Title? I don't need no stinkin' title.
Just watched the PAX announcement and I must say 5e is not a system that is well suited for being utilized in a computer game.

5e is a very simplistic system specifically designed for easiness of use in tabletop RPGs and openess to modification. It does not benefit from being implemented in a computer game. 5e's strength, the simplicity, in an automated environment beomes its weakness, because it restricts what the PC is good at.

When I think of BG2 and AD&D it was different. The AD&D rules were more complex and mostly used to resolve combat in the background. Which added depth to the game and made sense to automate. BG2 greatly benefited from that.

In BG3 it looks like everything is built so the player can clearly see, that D&D 5e is used. I.e. the d20 popping up during dialogs to roll if you convince someone.
This approach effectively cripples any innovative design ideas that could've been utilized in a PC game of that calibre.
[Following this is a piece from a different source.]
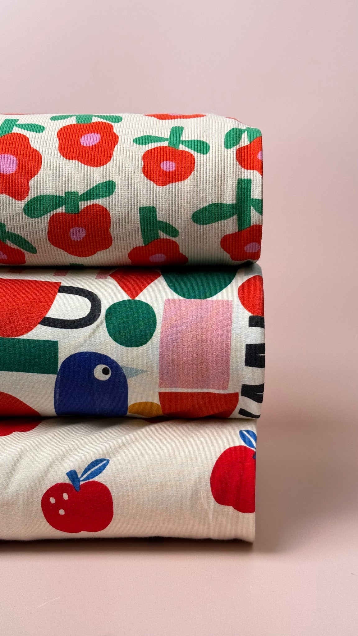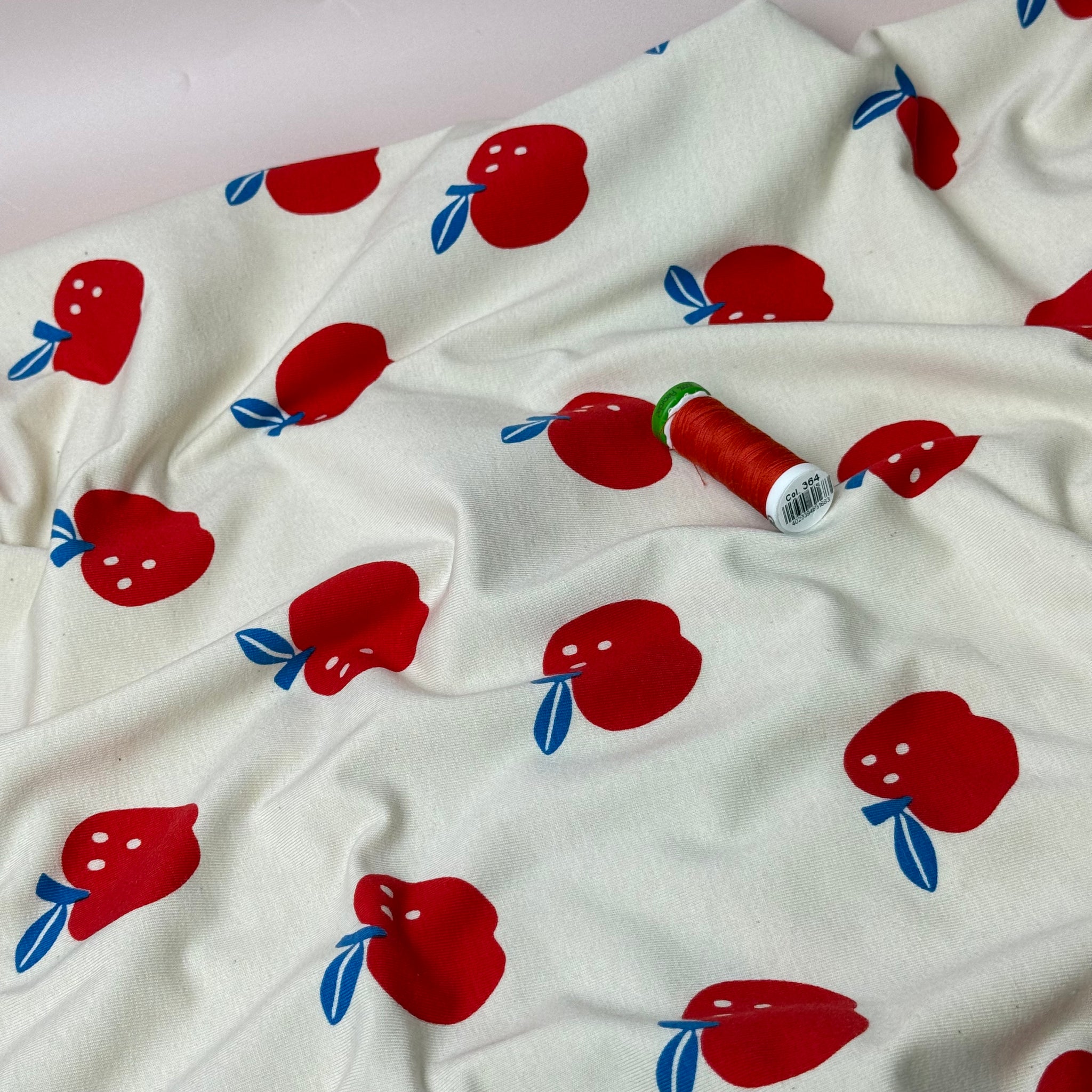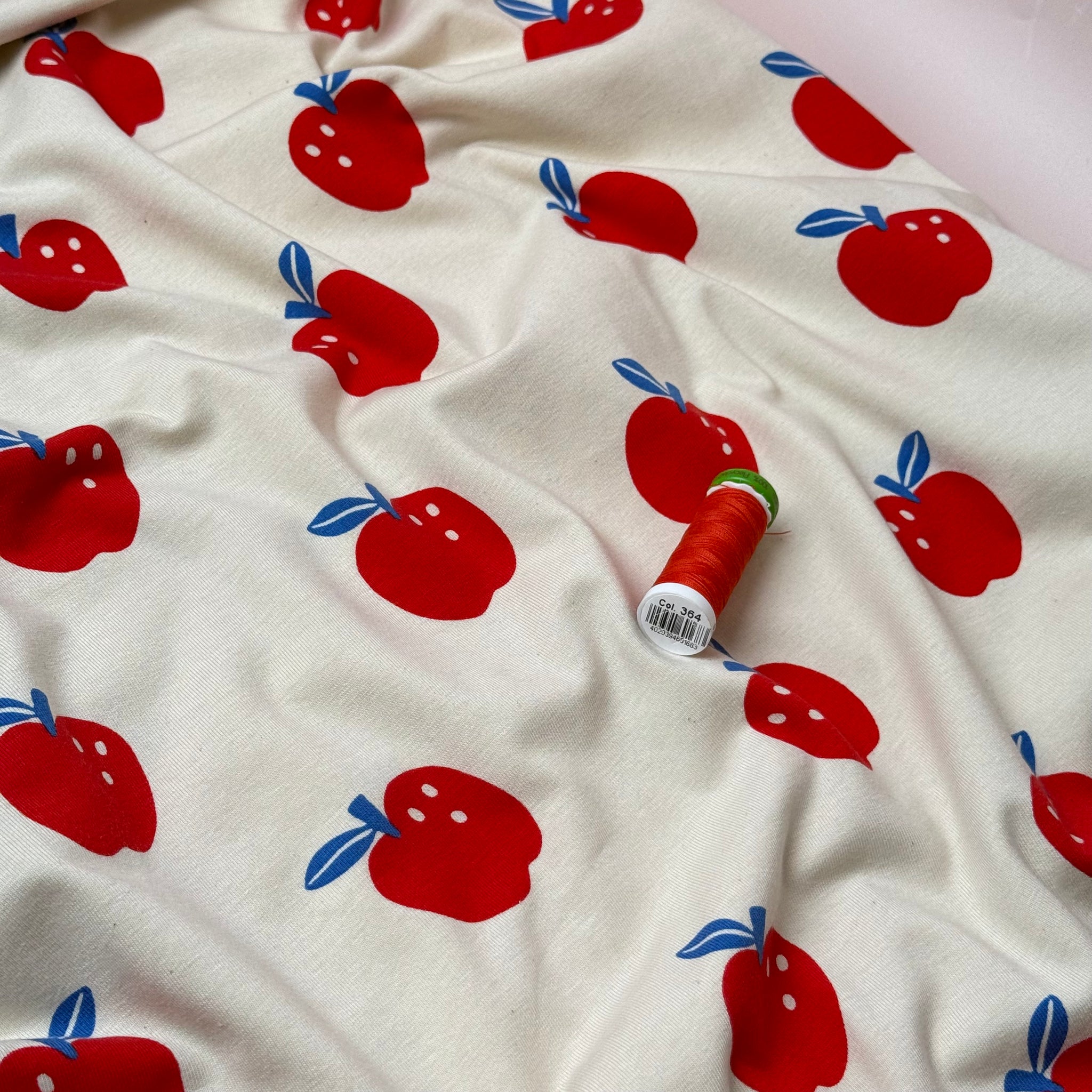 This softest cosy Organic Cotton Jersey features cute apples in red and blue on a natural undyed background. This fabric is cosy and comfortable and will bring you a lot of joy when sewing and wearing.

So instead of using the D&D rules to enhance the game, the game is now wrapped into a straight jacket to fit the 5e rules, despite its capabilities to be more.

Solidifying my concerns is the moment when Swen Vicke says: "WotC, told us to tone down the alignment system, because it is basically non existant in 5e anymore."
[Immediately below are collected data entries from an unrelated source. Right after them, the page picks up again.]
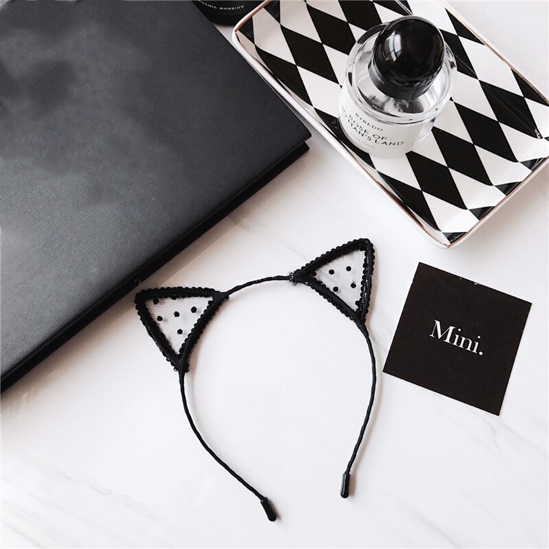 Black Cat Ears Head Bezel Fashion Lace Lady Girl Hairband Sexy Self Headband Baby Birthday Party Hair Hoop Hair Accessories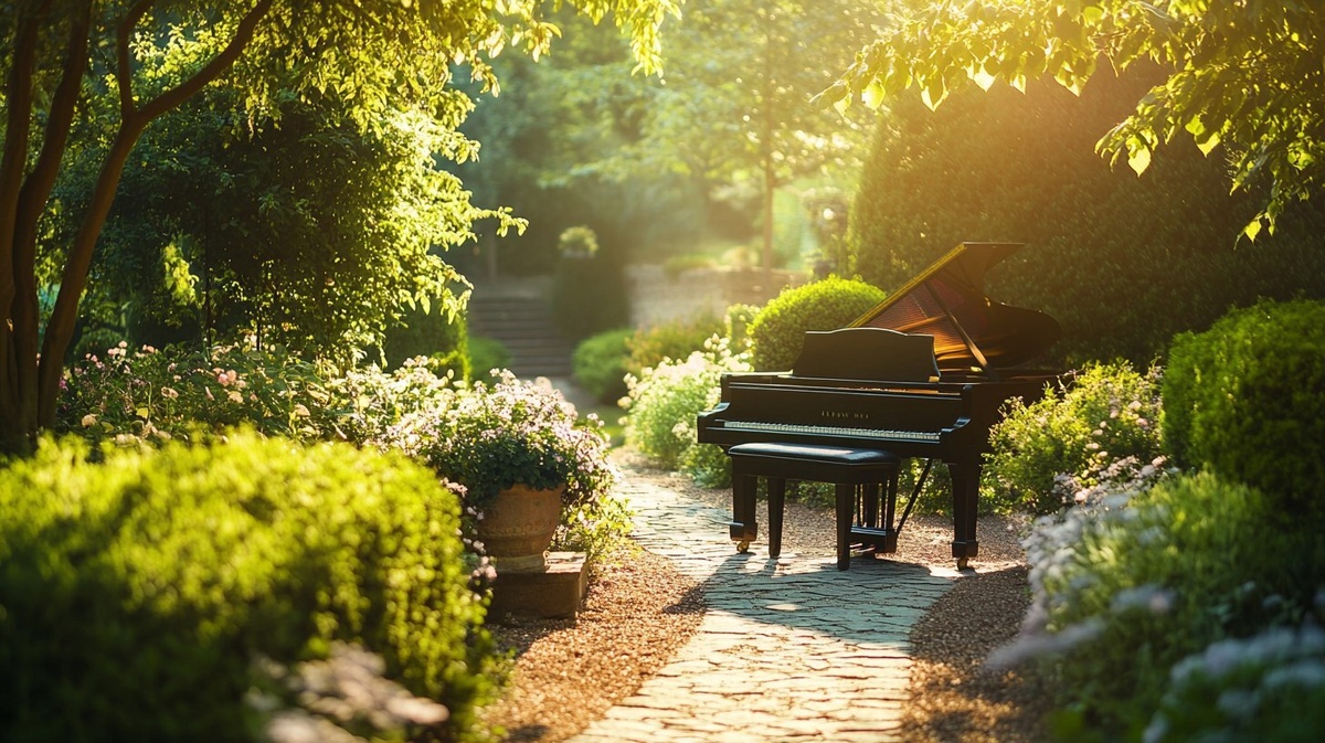 Создано на основе запроса: Garden in the sun, soft lighting, pianist's hands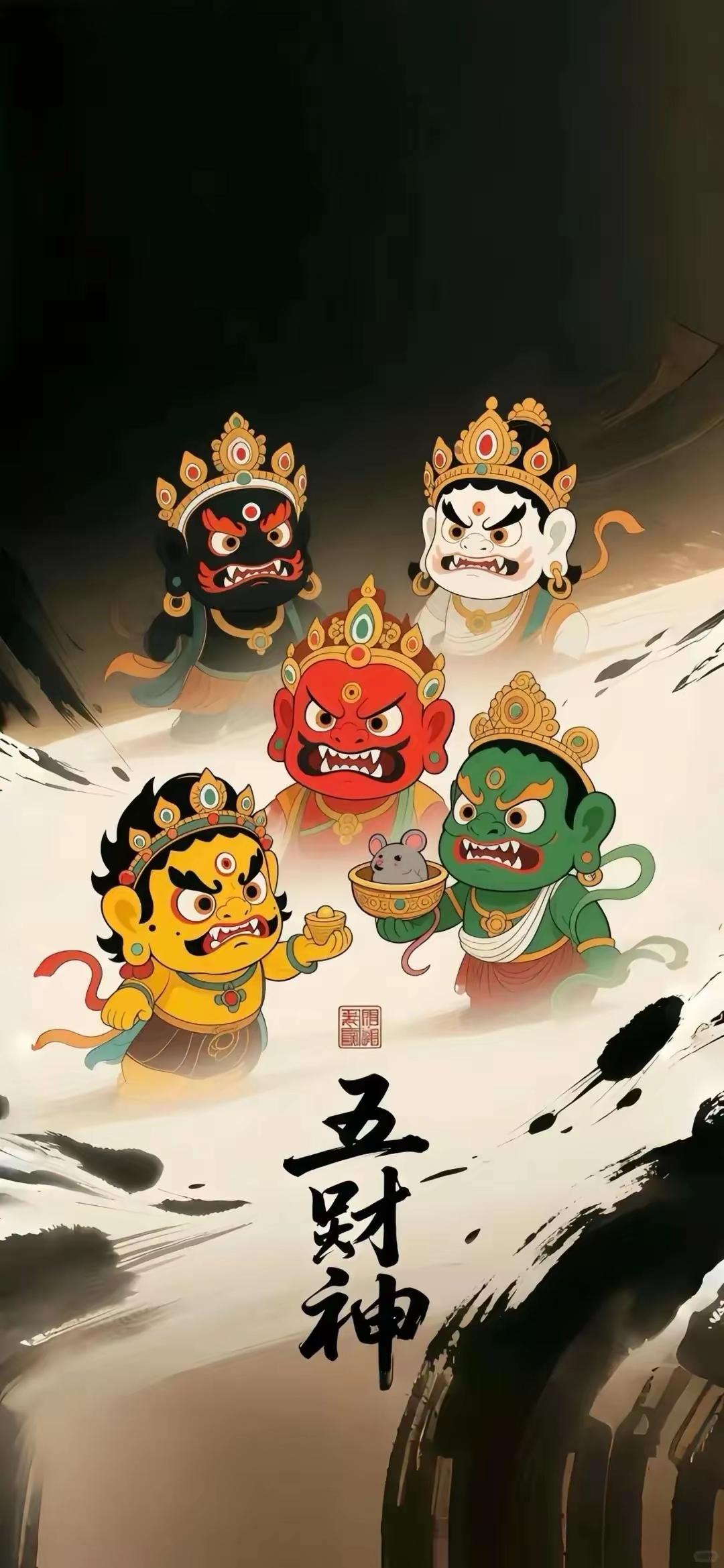 手机壁纸~五路财神护佑,鸿运当头、四方纳福;猛虎坐镇,大展宏图、前路坦荡;貔貅衔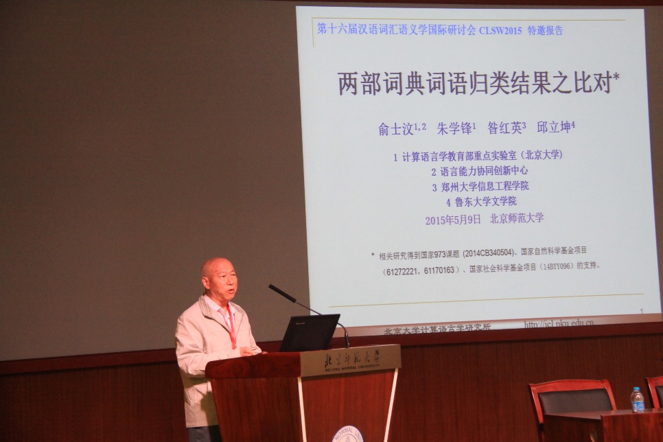 2015年俞老师在第16届汉语词汇语义学国际研讨会(CLSW2015)上做大会报告

My fears that Mearls is having too much say are coming true and it's bad for BG3.
They started with 5E as a base, but like all video games based on D&D they modified it.
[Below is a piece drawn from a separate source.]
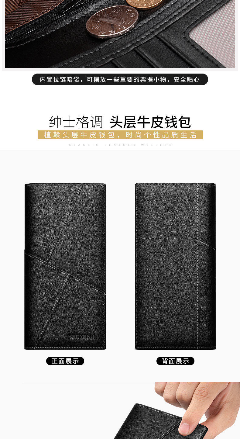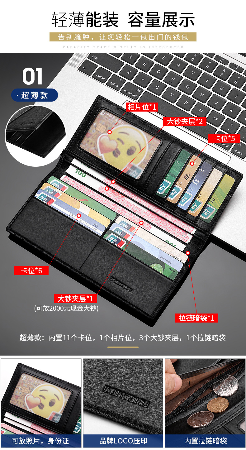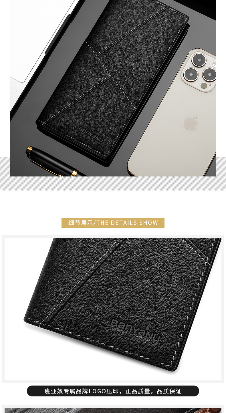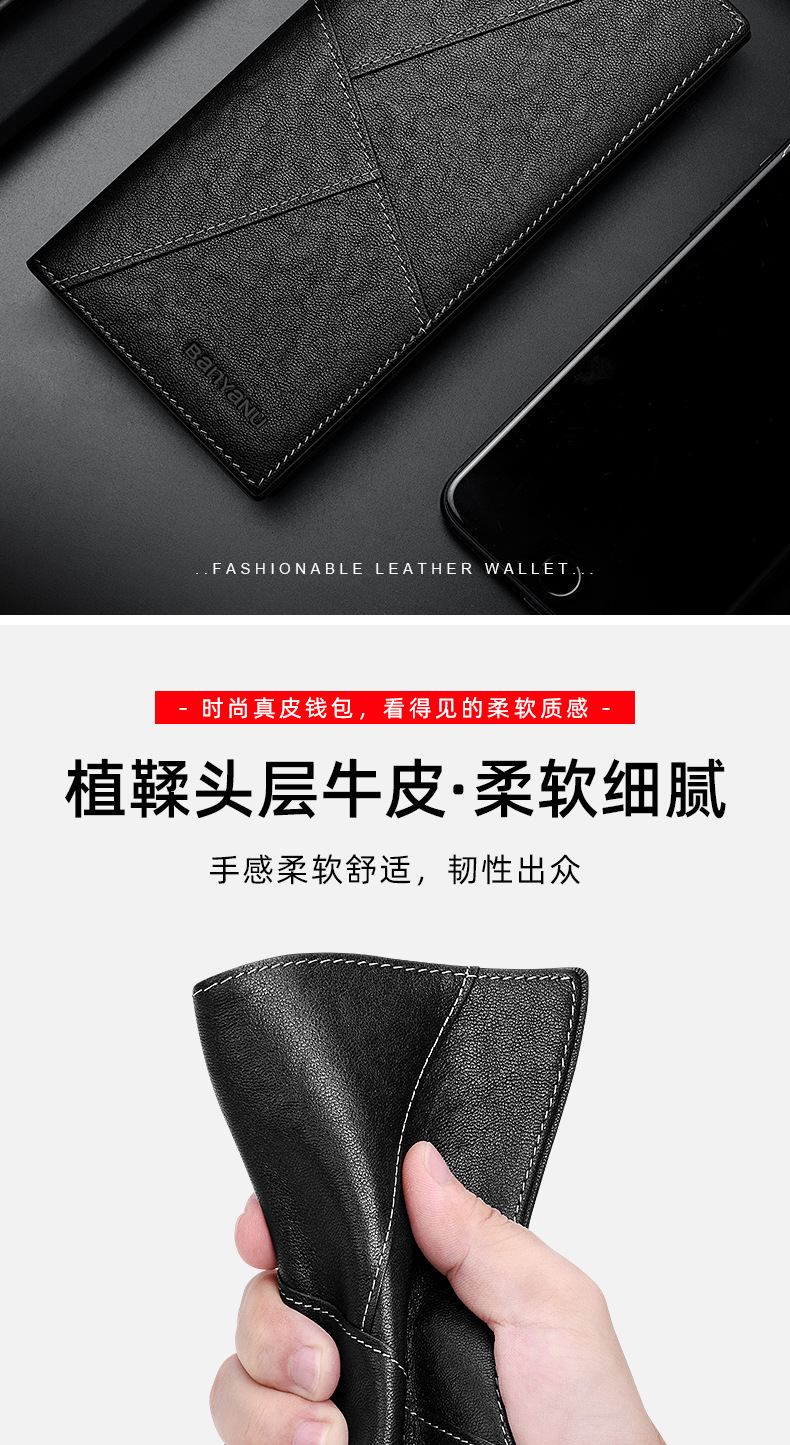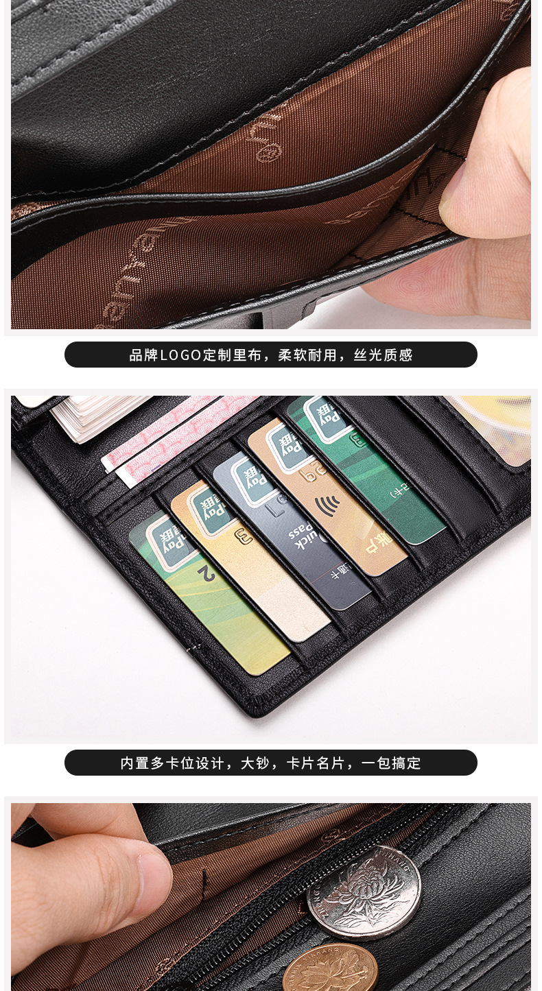 跨境新款欧美多功能防盗刷软皮夹长款超薄真皮二折大容量男士钱包

Larian has put out some great games, I'm looking forward to playing it.
 

Prakriti

Hi, I'm a Mindflayer, but don't let that worry you
I'm glad they're using 5E, and I think 5E is a good system for a CRPG. What would really irk me is if they radically changed things under the assumption that 5E wouldn't work for a computer game, but still sold it as a 5E/D&D game. No thanks. The fact that they're actually trying to be as faithful as possible to 5E earns a lot of respect from me.

The best part about a faithful 5E game, by the way, is that is will introduce more people to the tabletop game. People will learn 5E from BG3, and if they ever go on to play the tabletop game, they will already know most of the rules.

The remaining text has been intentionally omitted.